Because it makes it impossible to distinguish between reaching EOF and
reading a value that is otherwise a perfectly good one.  Or, from the
other point of view, because it requires that read syntax be crippled
specifically to prevent this one value ever being a genuine result
of reading.  read-char is free to use a distinguished return value
for EOF because the things it can read in a non-EOF situation form an
obviously-constrained subset of values.  The nature of the read function,
however, is that it can read basically any value, so there is no obvious
place for a distinguished value for EOF.

Although the RnRS read syntax doesn't cover absolutely all values,
when extending the read syntax it's quite easy, even unintentionally,
to make it capable of reading types of object that RnRS doesn't imagine
being readable.  Indeed, not only does Guile have the occasionally-useful
"#.", which makes absolutely all values readable, it's also got the
read-hash-extend system, which invites casual extension, and does nothing
to prevent user extensions returning the EOF object.

So it makes much more sense to embrace the ability of read to read
any value whatsoever, and to use some other mechanism to signal EOF.
Common Lisp, for example, which has "#." as standard, specifies that
read is to signal an error by default if it's at EOF.

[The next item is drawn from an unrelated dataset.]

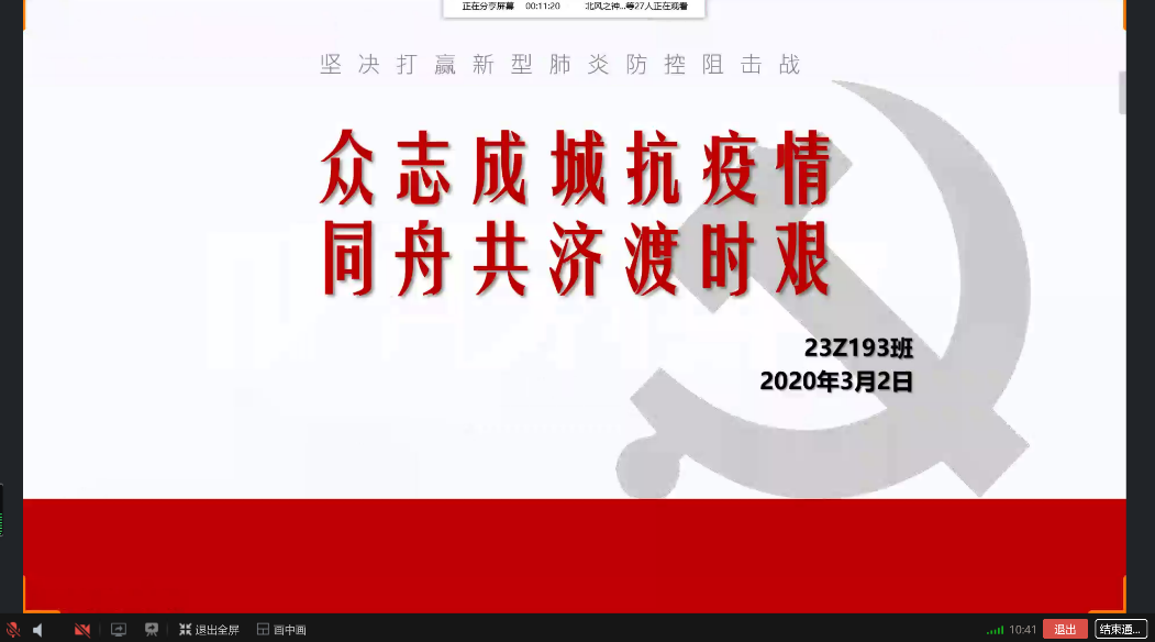23Z193班3月2日组织召开“众志成城抗疫情,同舟共济渡时艰”线上主题班会,班长姜鸣宇主持本次班会,全体同学参加了会议。
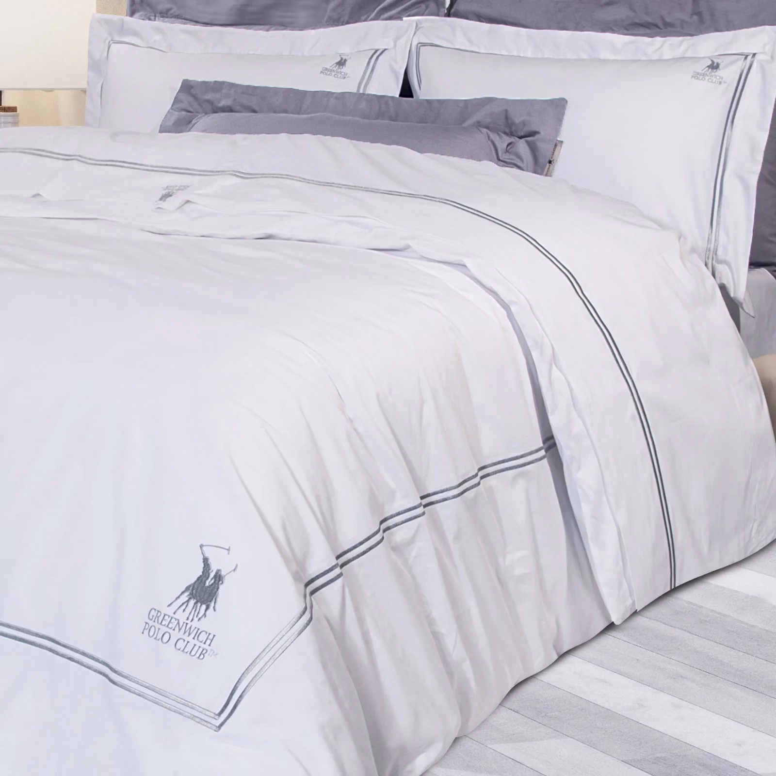 Σετ σεντόνια Greenwich Polo Club με κέντημα της σειράς Premium. Είναι από 100% βαμβάκι σατέν με πυκνότητα ύφανσης 210TC και με ειδική επεξεργασία για εύκολο σιδέρωμα. Το σετ αποτελείται από 2 σεντόνια διαστάσεων 280Χ270εκ και 2 μαξιλαροθήκες 50Χ70+7εκ με περιμετρική ραφή oxford. Αυτό που χαρακτηρίζει την συλλογή είναι οι απαλές αποχρώσεις, τα διακριτικά σχέδια και το διαχρονικό ύφος. Επιλέξτε Greenwich Polo Club για να απολαύσετε ποιότητα, στυλ και πολυτέλεια.

>                                            It seems quite appropriate to
>me for the EOF object not to be a datum value, for the same reason that it
>should not be a character.  You nowhere state what purpose such a read
>syntax would serve.

You're making a bit of a leap here, if there's meant to be some causal
connection between these two sentences.  By "such a read syntax" you seem
to be referring to my "#eof" suggestion, but the case against the RnRS
design of read doesn't depend at all on whether there's a read syntax
specifically for that object.

The use of a distinguished EOF return value from read, and the consequent
rationale for not having a specific read syntax for the EOF object, is
founded on the idea that read can't return the EOF object *at all* in a
non-EOF situation.  This is undermined for Guile by the already-existing
"#." and read-hash-extend, without any need to invent new syntax.

To answer the second sentence in isolation: it would serve about the
same use as "#nil", making it easier to reference this useful object,
and extending the scope within which write-read round-tripping works.
I don't have strong feelings about having a specific read syntax,
it's just that this kind of distinguished object usually does have
specific syntax ("()", "#t", "#nil").  However, not every other object
like this has a read syntax; Guile's `unspecified' value is another one
that doesn't.  (Tangent: the unspecified value could equally well do
with a read syntax, but through testing with "#.*unspecified*" I note
that at present weird behaviour results from actually reading it.)

>                     Do you wish to be able to use read to input a list of
>EOF objects, for instance?  What would you do with them?

In code, I can imagine using a quoted EOF object in order to return
it from a function that's following something like read-char's return
convention, or to pass it to a function that expects values following
a similar convention.  Also to pass it to something like memq, for the
purposes of testing a value that could be the EOF object.  (A quoted
EOF object currently works in the interpreter but not in the compiler.)
In data, I imagine the EOF object would appear because of much the
same situations: it got returned from something like read-char, or it's
going to be fed to something that expects to occasionally receive the
EOF object.  Stick them in a list?  Sure, a list of values on its way
from A to B could well include an EOF object.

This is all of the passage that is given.